Oil-to-telecom conglomerate Reliance Industries Ltd (RIL) is likely to see its online and offline retail businesses driving the company’s growth, marking a powerful evolution for the largely-petrochemicals-powered giant, says a report from global investment bank and financial services company Goldman Sachs.
The report notes that that after growing 5x over FY16-FY20, RIL’s core retail revenue growth has taken a pause in FY21 due to COVID-related macro headwinds.
“However, we believe retail business (including e-commerce) is set to be the next growth engine for RIL, with potential for retail EBITDA to grow 10x over the next 10 years,” it said.
Even during the disruptions brought about the Covid-19 pandemic, RIL focused on investing in end-to-end digital capabilities and the scale-up in omnichannel commerce is driving sizeable market share wins, Goldman Sachs said.
It predicts a 6x increase in modern grocery retail penetration in India by FY30, coupled with 15 percent market share gain for RIL.
It forecast a 50 per cent market share for RIL in online grocery by FY25, with a 30 per cent market share in overall e-commerce. This translates into USD 35 billion e-commerce GMV (gross merchandise value) for RIL by FY25, with USD 19 billion in grocery.

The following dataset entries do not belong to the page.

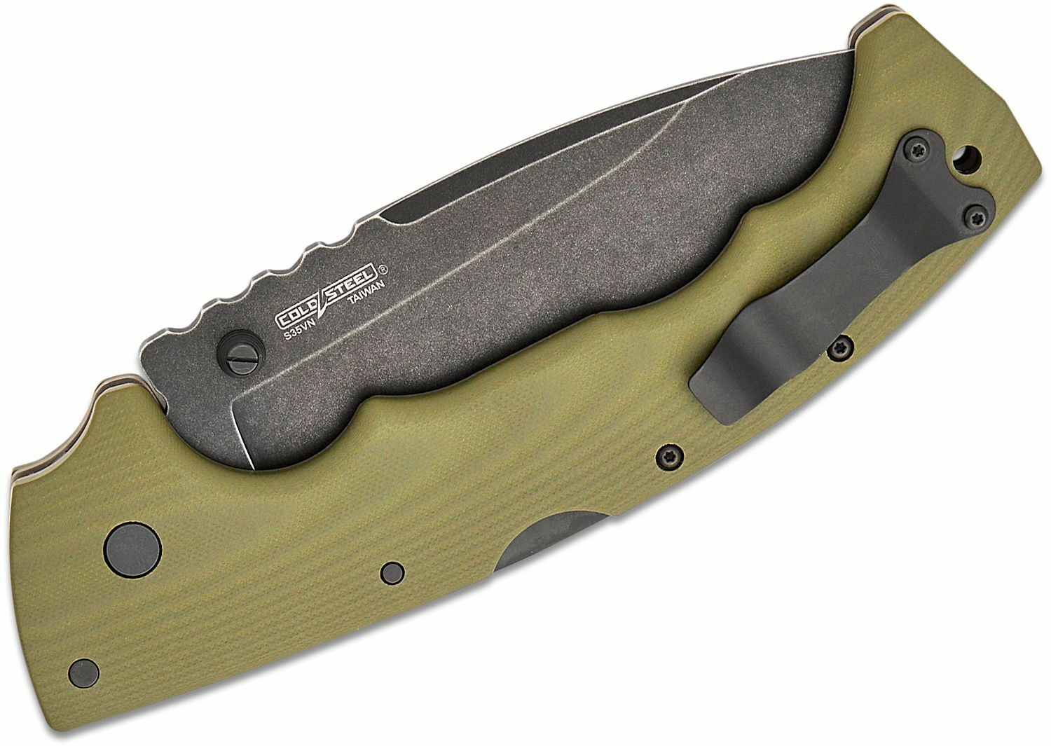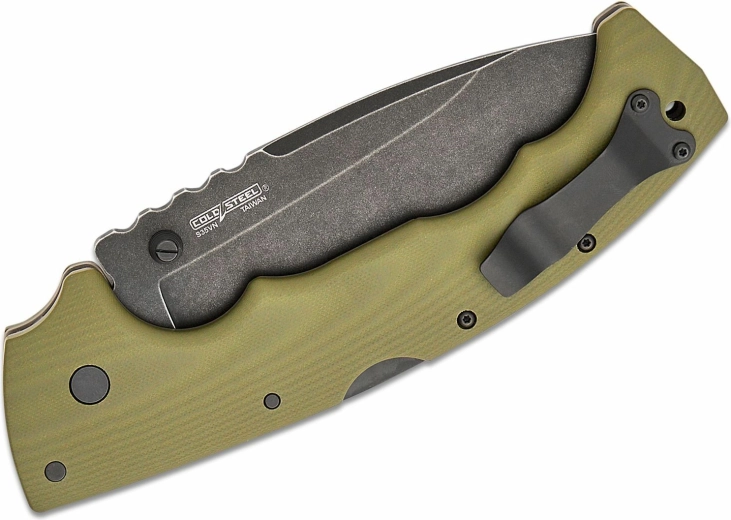 A texturált zöld G10, ujjvájatokkal, biztos fogást ad még kesztyűben is. A zsebcsipesz és a zsinórfurat megkönnyíti a mindennapi viselést.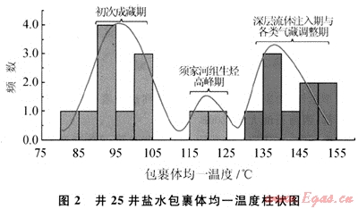 井25井須家河組儲(chǔ)層兩種鹽度值反映存在2種烴源產(chǎn)物,其中第一種較低鹽度(NaCl質(zhì)量分?jǐn)?shù)為6.6%~8.0%)對應(yīng)較高的均一溫度范圍(115~150℃),應(yīng)為演化程度較高的油氣所伴生;第二種較高的撲度(NaCl質(zhì)量分?jǐn)?shù)為21.8%~22.1%)和較低均一溫度范圍(82~102℃),是剛進(jìn)入大量生烴階段的產(chǎn)物(表1)。統(tǒng)計(jì)井25井須家河組儲(chǔ)層與烴類包裹體伴生的鹽水包裹體均一溫度,繪制包裹體均一溫度柱狀圖(圖2),可見均一溫度存在3個(gè)主要峰溫,對應(yīng)3個(gè)溫度范圍:90~105℃、115~125℃以及130~155℃。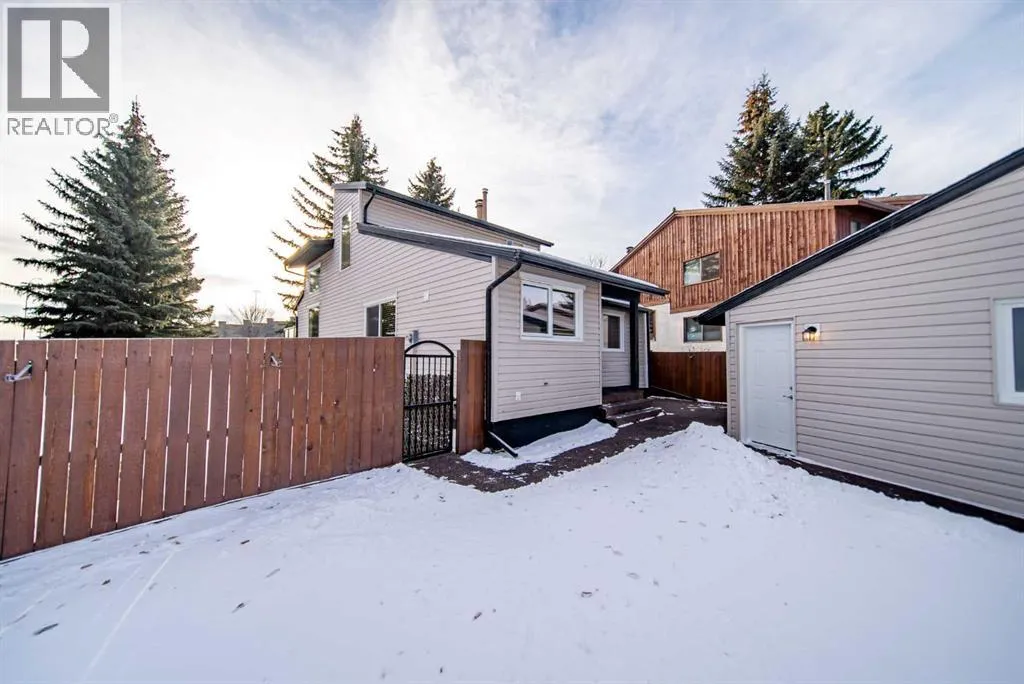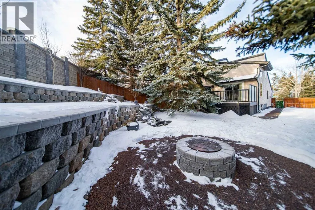 Welcome to this well-maintained 5-level split detached home located in the desirable community of Ranchlands, set on an oversized, beautifully landscaped lot with exceptional outdoor living spaces. Offering approximately 1,425 sq. ft. of living space above grade plus an additional 732 sq. ft. below grade, this home delivers a unique and functional floor plan with room to grow. The main living level features a bright eat-in kitchen and a spacious, separate living room with soaring ceilings, creating an inviting space filled with natural light while maintaining defined living areas. Two comfortable bedrooms are conveniently located on these levels, making the layout ideal for families or downsizers. Step directly from the living room onto a private deck, perfect for morning coffee or evening entertaining while overlooking the backyard. Just a few steps up, the second-floor loft overlooks the living space and serves as an ideal TV or lounge area, complete with a cozy fireplace and a convenient 2-piece powder room. The lower levels expand the living space further with an additional bedroom and full bathroom, a generous recreation n room, a dedicated laundry room, and ample storage for seasonal items and hobbies. Outside, the backyard truly sets this property apart. The extensively landscaped yard features a heated outdoor water feature designed for year-round enjoyment, along with a separate fire pit area creating a private retreat perfect for relaxing or entertaining in every season. The rubber drive and walkways are low maintenance, durable and a safer alternative to concrete and will not crack in the cold. A single detached garage with front drive access adds everyday convenience and additional parking. Located in a quiet, established neighbourhood close to parks, schools, shopping, and transit, this Ranchlands home offers a rare combination of space, character, and standout outdoor living in northwest Calgary. (id:27476)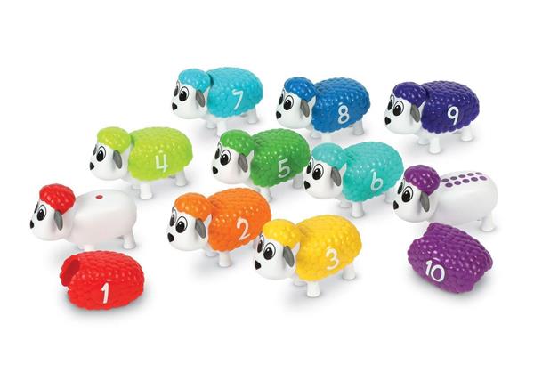 Zeer leuke tweedelige plastic schapen om het tellen van jongs af aan onder de knie te krijgen. De schapen zijn op hun rug bedrukt met een getalbeeld en op hun vacht een getal.  Er kan gecombineerd worden op zowel kleur als getal/getalbeeld. Door het in elkaar klikken van de delen worden ook de fijnmotorische vaardigheden verder gestimuleerd.  De set wordt geleverd in een handige opbergemmer.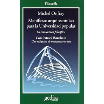 Reseña del editor En 2004, la obra de Michel Onfray titulada La comunidad filosófica proponía una organización conceptual, de forma semejante a un Jardín de Epicuro, destinada a conjurar el nihilismo de nuestros tiempos posmodernos con la ayuda de lugares de reflexión alternativos a la brutalidad del movimiento liberal planetario. Se agregaban a esta proposición algunos desarrollos sobre el carácter concreto - aunque filosófico - de la Universidad Popular creada en 2002 en Caen, en la Baja Normandía, provincia natal del autor. El encuentro, muy similar a un flechazo intelectual, de Michel Onfray con el trabajo libertario del arquitecto Patrick Bouchain amplió la comunidad a una nueva dimensión, también conceptual y concreta, puesto que se trata de dar una consistencia material a la Universidad Popular y de echar las bases de un nuevo objeto filosófico y arquitectónico que haga realidad el proyecto. Este nuevo proyecto define una máquina de transportar la voz a la cual Patrick Bouchain presta su inteligencia y su diseño. La máquina traza los contornos de un ágora nueva que se resiste a la lógica mediática promoviendo una instancia mediológica: propone claramente contrarrestar la razón mediática que cuenta principalmente con lo espectacular de las imágenes, para activar, en cambio, una razón mediológica que escenifica una palabra, teatraliza un verbo y ofrece una filosofía realmente acústica. El edificio de la Universidad popular apuesta por la retórica de las tribunas, privilegia lo funcional a lo estético, se niega a celebrar la imagen como reflejo de lo real para poner en el centro la palabra, las ondas de un cuerpo, la electricidad de un pensamiento, la voz viva del pueblo que constituye lo popular de la universidad. Biografía del autor Michel Onfray (Argentan, 1959) es uno de los ensayistas franceses más leídos y prestigiosos de la actualidad. Siempre molesto para el establishment, reivindica el libertinaje, el placer sensual, el ser más que el tener y la libertad individual por encima de cualquier tipo de gregarismo. Ha publicado más de 40 libros, entre ellos "La fuerza de existir", "Tratado de ateología o Antimanual de filosofía" y "La comunidad filosófica: manifiesto por una Universidad popular", este último publicado por Editorial Gedisa.Tapa blanda=96 páginas. Editor=GEDISA; Edición: 1 (1 de enero de 2015). Colección=CLA-DE-MA / Filosofía. Idioma=Español. ISBN-10=8497843169. ISBN-13=978-8497843164. Valoración media de los clientes=Sé el primero en opinar sobre este producto. Clasificación en los más vendidos de AmazonConsultaFilosofía=nº109.564 en Libros (Ver el Top 100 en Libros) .zg_hrsr { margin: 0; padding: 0; list-style-type: none; } .zg_hrsr_item { margin: 0 0 0 10px; } .zg_hrsr_rank { display: inline-block; width: 80px; text-align: right; } n.° 1473 en Libros > n.° 3412 en Libros > Sociedad y ciencias sociales >.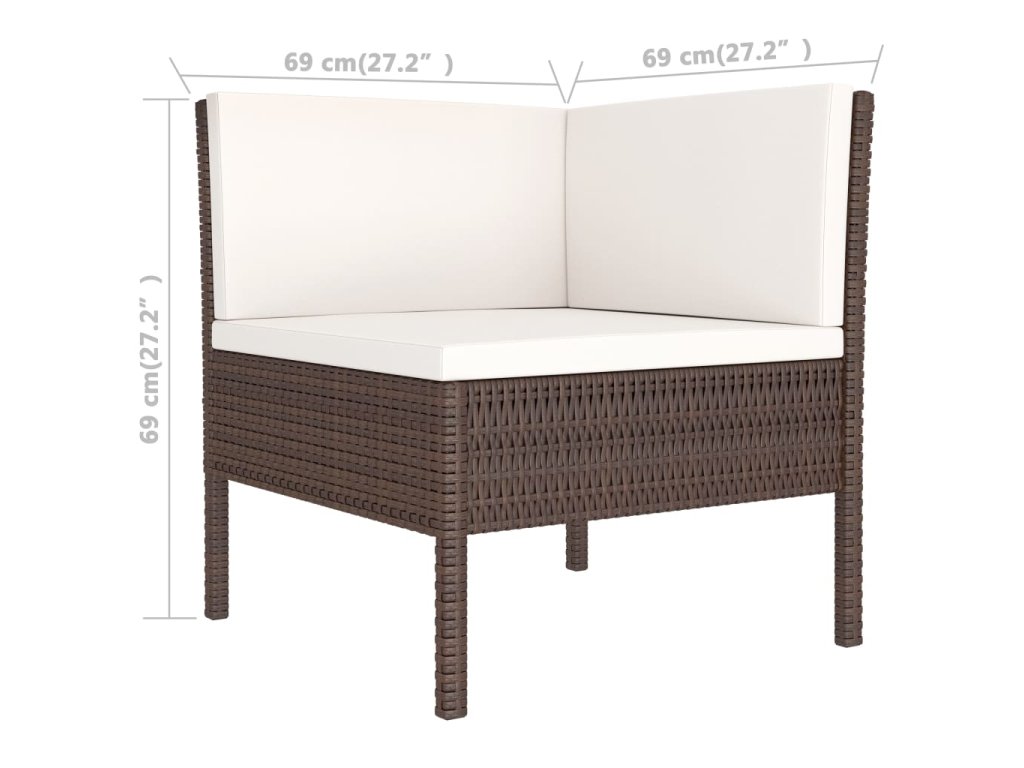 - Rozměry rohové pohovky: 69 x 69 x 69 cm (Š x H x V)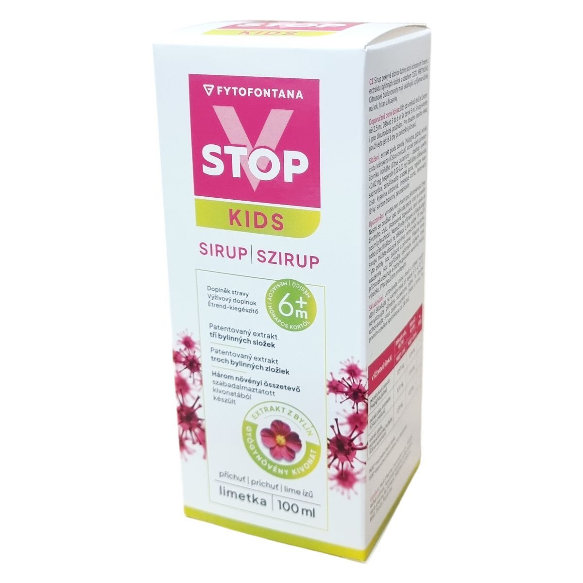 A Fytofontana V Stop Kids szirup három növényi kivonatból, acerola, bodorrózsa (Cistus creticus) és keserű narancs gyümölcs kivonatából áll. A Cistus creticus kivonat védőréteget képezhet a szájüreg nyálkahártyáján, míg a citrusfélék bioflavonoidjai kellemes, nyugtató hatással lehetnek a torok, garat és hangszálak területén. A készítmény lime ízű, tisztított vizet, szacharózt, gumiarabikumot, citromsavat, lime aromát valamint tartósítószereket is tartalmaz, amelyek segíthetik az állag és eltarthatóság megőrzését. A szirup fokozott elővigyázatossággal alkalmazandó terhes és szoptató nők, illetve azok számára, akik allergiásak vagy túlérzékenyek bármely összetevőjére. Használat közben átmeneti enyhe bizsergő érzés előfordulhat, amely természetes. A növényi összetevők miatt előfordulhatnak finom üledékek, melyek nem befolyásolják a termék minőségét. Az adagolás a gyermekek korcsoportja szerint történik, napi 2 vagy 4 adagban, és a kezelést tüneti javulás után célszerű még három napig folytatni a jobb hatékonyság érdekében.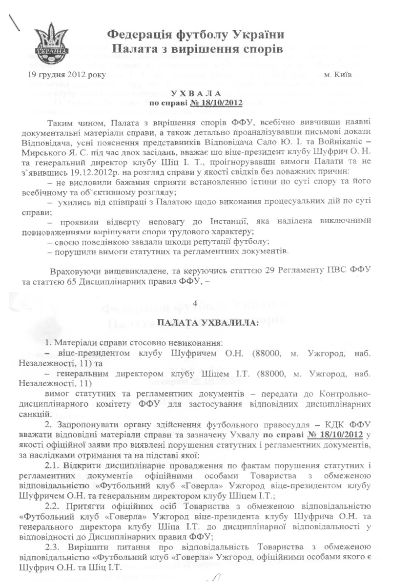 - Я не могу ответить на этот вопрос. Могу только догадываться. Лучше уточнить в ФФУ. Я лишь точно могу сказать, что 14 мая меня уведомили, что клуб оштрафовали за невыполнение решения Палаты, а на следующий день Говерле выдали аттестат.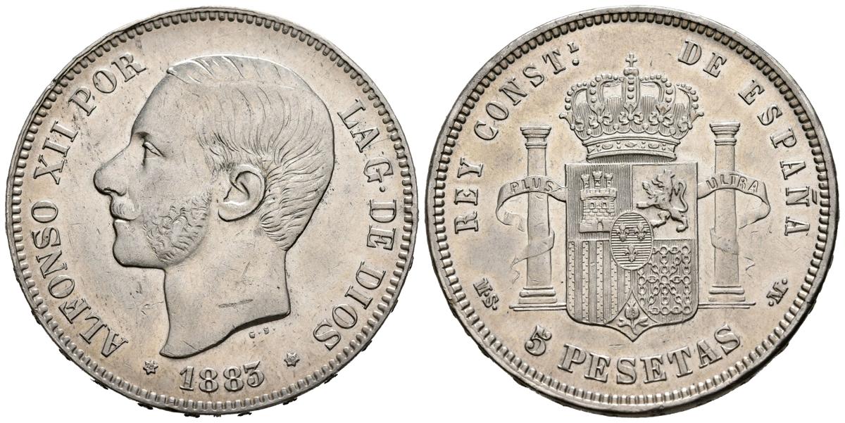 ALFONSO XII (1874-1885). 5 Pesetas. (Ar. 25,15g/37mm). 1883 *18-83. Madrid MSM. (Cal-2019-55). EBC. Marquitas. Restos de brillo original.

“We expect RIL core retail revenue to grow at a 36 percent CAGR over the next four years to USD 44 billion and e-commerce revenues to be 35 percent of total retail revenues in FY25, at USD15 billion,” it said.
“We value RIL retail business at USD 88 billion in our base case with our offline business valuation similar to comps and online business valuation at the high end of the peer group given higher GMV growth. We also highlight our bull case valuation of USD 120 billion based on stronger than expected macro growth and market share wins.”